_Task requirements_
Repeat exactly the lines of the records below, starting at the line containing "This crochet top" and ending at the line containing "W piątkowy wieczór, 7". Leave the pictures out.
Start of Block
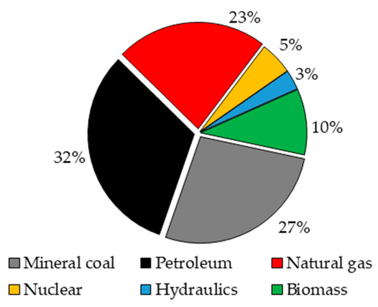Among the main objectives of modern engineering, the search for sources of energy with low environmental impact has exponentially gained relevance and attention with time. The effects of global warming associated with the means of supplying energy have attracted increasing attention around the world. This problem is directly associated with the world energy matrix, since most of the needed energy sources, at present, are provided by the combustion of fossil sources as shown in Figure 1. Consequently, the excessive use of fossil sources in a conventional way to generate energy implies the release of high volumes of greenhouse gases, and especially carbon monoxide, which presents a constant increase in emission rates year after year as shown in Figure 2.
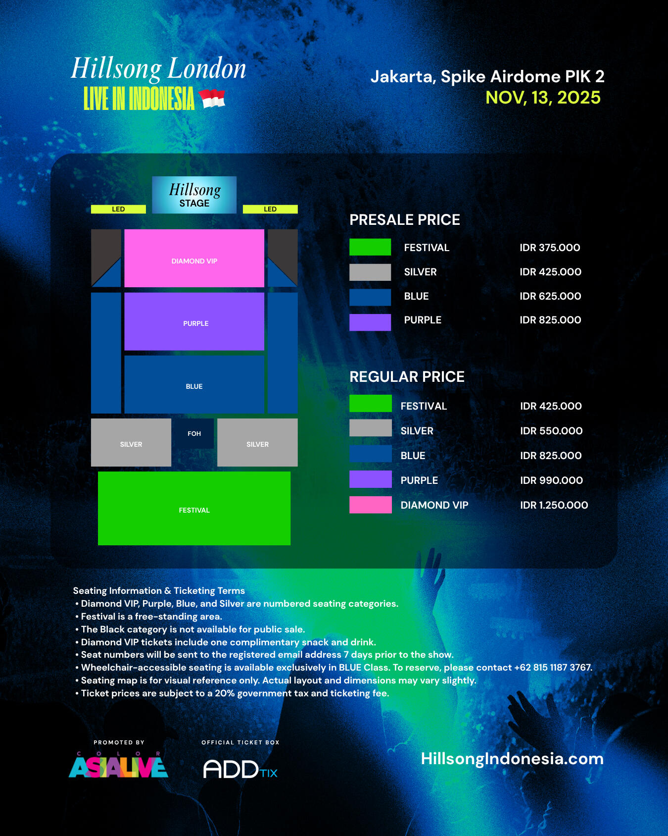 Jakarta, 18 Juli 2025 – Calling all gospels music lover! Hillsong London, grup musik gospel dari Inggris yang dikenal luas dengan nyanyian pujiannya (worship) yang menginspirasi, dengan bangga mengumumkan rencana konser mereka di Spike Airdome, PIK 2, Jakarta, 13 November 2025 mendatang.Tiket untuk konser spektakuler dan joyfull ini bisa didapatkan mulai tanggal 21-23 Juli 2025 pukul 11:59 WIB untuk tiket dengan harga Presale, dan tanggal 24 Juli 2025 pukul 11:59 WIB untuk tiket dengan harga Regular, melalui aplikasi ADDtix dan laman www.hillsongindonesia.com.Kedatangan Hillsong London ke Indonesia, khususnya Jakarta, dalam rangkaian Tur Asia mereka pada November 2025 ini, menandai momen penting bagi para penggemar musik gospel dan komunitas gereja di tanah air. Grup ini telah menjadi fenomena global dengan lagu-lagu mereka yang menyentuh hati dan pesan harapan yang kuat seperti Oceans (Where Feet May Fail), What A Beautiful Name, How Great Is Our God, Shout Your Fame, dan Broken Vessels (Amazing Grace), yang telah menginspirasi dan menyatukan jutaan orang dari berbagai latar belakang di dunia.David Ananda, Managing Director Color Asia Live, menyatakan kegembiraannya menghadirkan Hillsong London ke Jakarta dan mengajak para pecinta musik gospel di Indonesia menikmati malam penuh pujian. "Kami percaya bahwa musik memiliki kekuatan untuk menyembuhkan, menginspirasi, dan menyatukan.” ujar David. “Konser ini akan menjadi kesempatan luar biasa bagi kita semua untuk merasakan kehadiran Tuhan dan merayakan iman bersama.”Ia juga menjelaskan bahwa Spike Airdome PIK 2 dipilih sebagai lokasi karena kapasitasnya yang representatif dan suasana modern yang mendukung pengalaman konser yang imersif. Dengan tata panggung dan sistem suara berkelas dunia, penonton akan merasakan kekuatan dari setiap nada dan lirik dari lagu-lagu Hillsong London yang menggugah hati. “Kami berharap konser ini dapat dinikmati bukan hanya oleh warga Jakarta, tetapi juga dari berbagai kota di Indonesia,” tutup David.
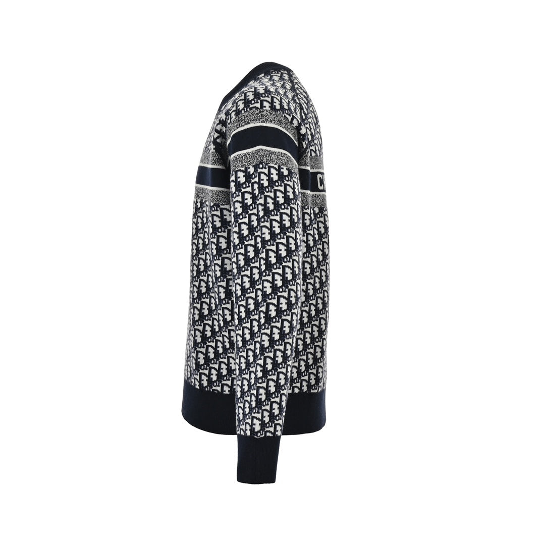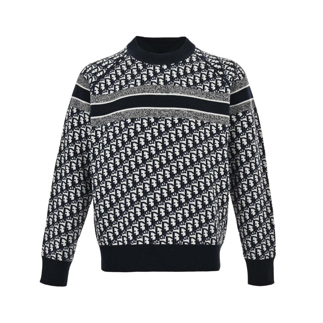 Presbyopia jacquard knitted cashmere reversible crew neck
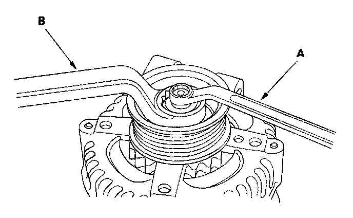 3. It the front bearing needs replacing, remove the pulley locknut with a 10 mm wrench (A) and a 22 mm wrench (B). If necessary, use an impact wrench.
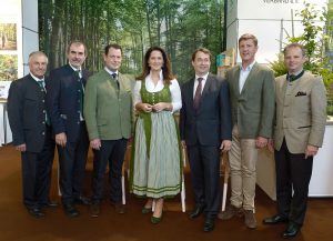: AGDW-Präsident zu Guttenberg, Josef Ziegler, Präsident des Bayerischen Waldbesitzerverbandes, und dessen Geschäftsführer Hans Ludwig Körner beim Rundgang mit Landwirtschaftsministerin Michaela Kaniber
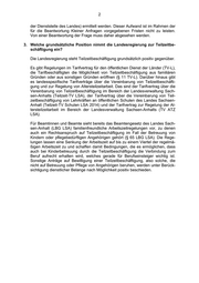 2 der Dienststelle des Landes) ermittelt werden. Dieser Aufwand ist im Rahmen der für die Beantwortung Kleiner Anfragen vorgegebenen Fristen nicht zu leisten. Von einer Beantwortung der Frage muss daher abgesehen werden. 3. Welche grundsätzliche Position nimmt die Landesregierung zur Teilzeitbe- schäftigung ein? Die Landesregierung steht Teilzeitbeschäftigung grundsätzlich positiv gegenüber. Es gibt Regelungen im Tarifvertrag für den öffentlichen Dienst der Länder (TV-L), die Tarifbeschäftigten die Möglichkeit von Teilzeitbeschäftigung aus familiären Gründen oder aus sonstigen Gründen eröffnen (§ 11 TV-L). Darüber hinaus gibt es landesspezifische Tarifverträge über die Vereinbarung von Teilzeitbeschäfti- gung und zur Regelung von Altersteilzeitarbeit. Das sind der Tarifvertrag über die Vereinbarung von Teilzeitbeschäftigung im Bereich der Landesverwaltung Sach- sen-Anhalts (Teilzeit-TV LSA), der Tarifvertrag über die Vereinbarung von Teil- zeitbeschäftigung von Lehrkräften an öffentlichen Schulen des Landes Sachsen- Anhalt (Teilzeit-TV Schulen LSA 2014) und der Tarifvertrag zur Regelung der Al- tersteilzeitarbeit im Bereich der Landesverwaltung Sachsen-Anhalts (TV ATZ LSA). Für Beamtinnen und Beamte sieht bereits das Beamtengesetz des Landes Sach- sen-Anhalt (LBG LSA) familienfreundliche Arbeitszeitregelungen vor, zu denen auch ein Rechtsanspruch auf Teilzeitbeschäftigung im Fall der Betreuung von Kindern oder pflegebedürftigen Angehörigen gehört (§ 65 LBG LSA). Die Rege- lungen lassen eine Senkung der Arbeitszeit auf bis zu einem Viertel der regelmä- ßigen Arbeitszeit zu und schaffen damit Bedingungen, die es ermöglichen, dass auch bei Kinderbetreuung durch die Teilzeitbeschäftigung die Verbindung zum Beruf aufrecht erhalten wird, welches gerade für Berufseinsteiger wichtig ist. Sonstige Anträge auf Bewilligung einer Teilzeitbeschäftigung, also solche, die nicht auf Betreuung oder Pflege von Angehörigen beruhen, werden unter Berück- sichtigung dienstlicher Belange nach Möglichkeit positiv beschieden.
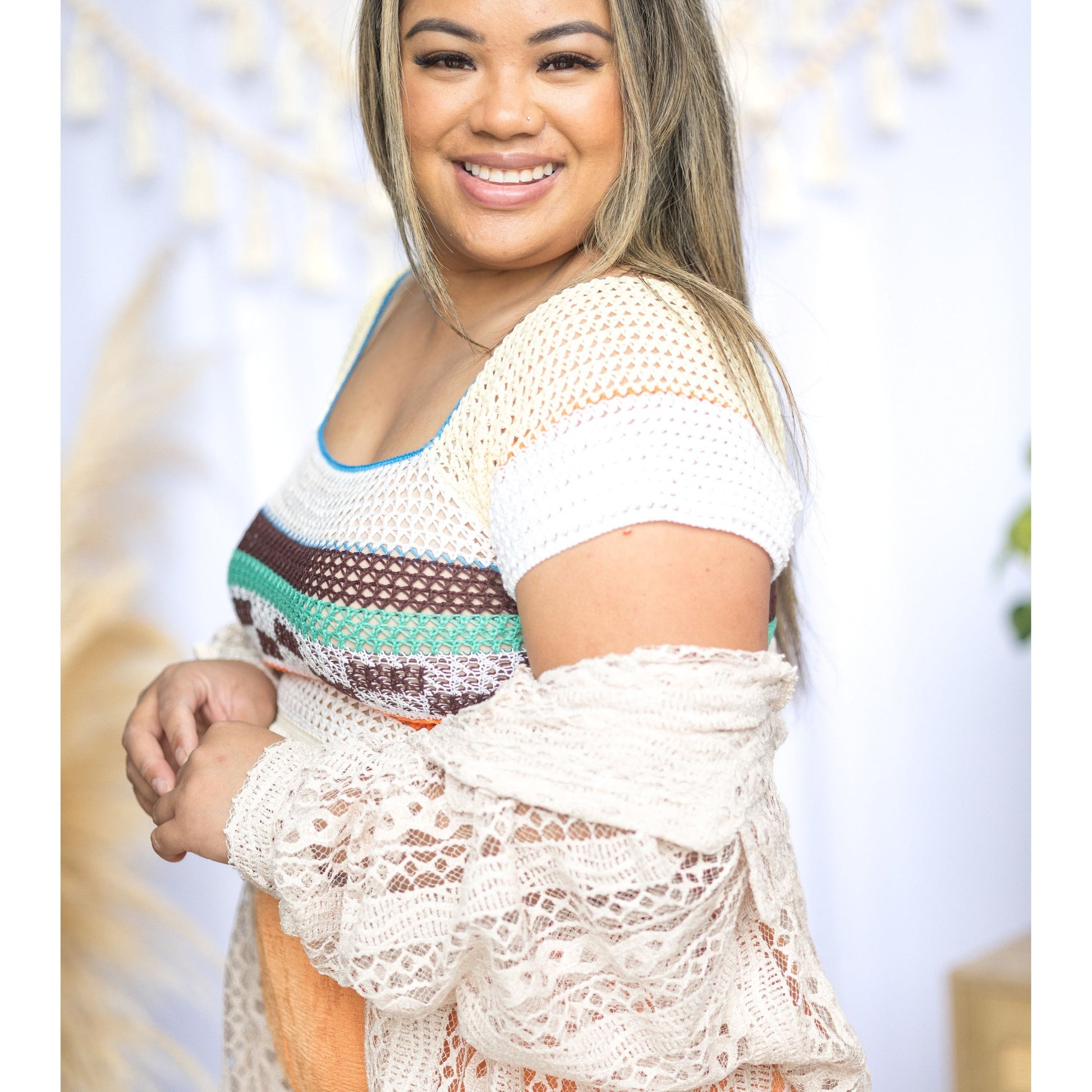 This crochet top is a total dream! Featuring a square neckline, short sleeves and fringed hem, you will feel free to do anything in this top!
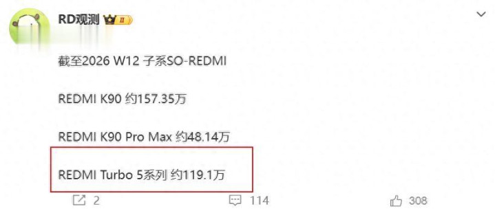 此次咱们聊一匹大黑马,可能热度莫得那么高,然而销量简直不差。它等于好小米旗下的红米Turbo 5系列。该机1月29日发布,到咫尺不外短短两个月,系列销量就冲到了119.1万台,如故靠拢红米K90的157.35万台,更把iQOO Z11 Turbo远远甩在死后。这么的得益,如故不是“卖得可以”那么浅近了,而是信得过真谛上的爆款,是那种会让友商看完数据后心里发紧的居品。
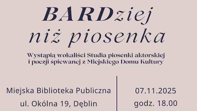 W piątkowy wieczór, 7 listopada o godzinie 18:00, w Miejskiej Bibliotece Publicznej w Dęblinie odbędzie się Zaduszkowy Koncert Wspomnień pod tytułem „BARDziej niż piosenka”.
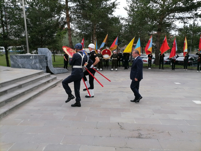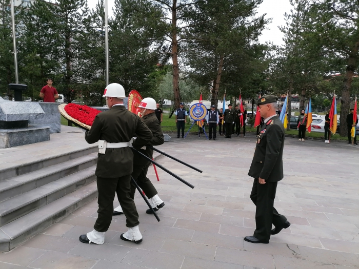 Kars Valiliği önünde bulunan Atatürk anıtına Vali Ziya Polat, 14’ncü Mekanize Piyade Tugay Komutanı Tuğgeneral Şahin Yenilmez ve Belediye Başkanı Ötüken Senger tarafından çelenk konulduktan sonra saygı duruşunda bulunuldu ve İstiklal Marşı okundu. Ardından Kars şehitliğini ziyaret eden protokol üyeleri, şehitlerimize dua ederek, şehit kabirlerine karanfiller bıraktılar. Şehitlerin mezarları başında dua eden il protokolü şehit ailelerine de baş sağlığı diledi.
End of Block
_Result_
 This crochet top is a total dream! Featuring a square neckline, short sleeves and fringed hem, you will feel free to do anything in this top!
 此次咱们聊一匹大黑马,可能热度莫得那么高,然而销量简直不差。它等于好小米旗下的红米Turbo 5系列。该机1月29日发布,到咫尺不外短短两个月,系列销量就冲到了119.1万台,如故靠拢红米K90的157.35万台,更把iQOO Z11 Turbo远远甩在死后。这么的得益,如故不是“卖得可以”那么浅近了,而是信得过真谛上的爆款,是那种会让友商看完数据后心里发紧的居品。
 W piątkowy wieczór, 7 listopada o godzinie 18:00, w Miejskiej Bibliotece Publicznej w Dęblinie odbędzie się Zaduszkowy Koncert Wspomnień pod tytułem „BARDziej niż piosenka”.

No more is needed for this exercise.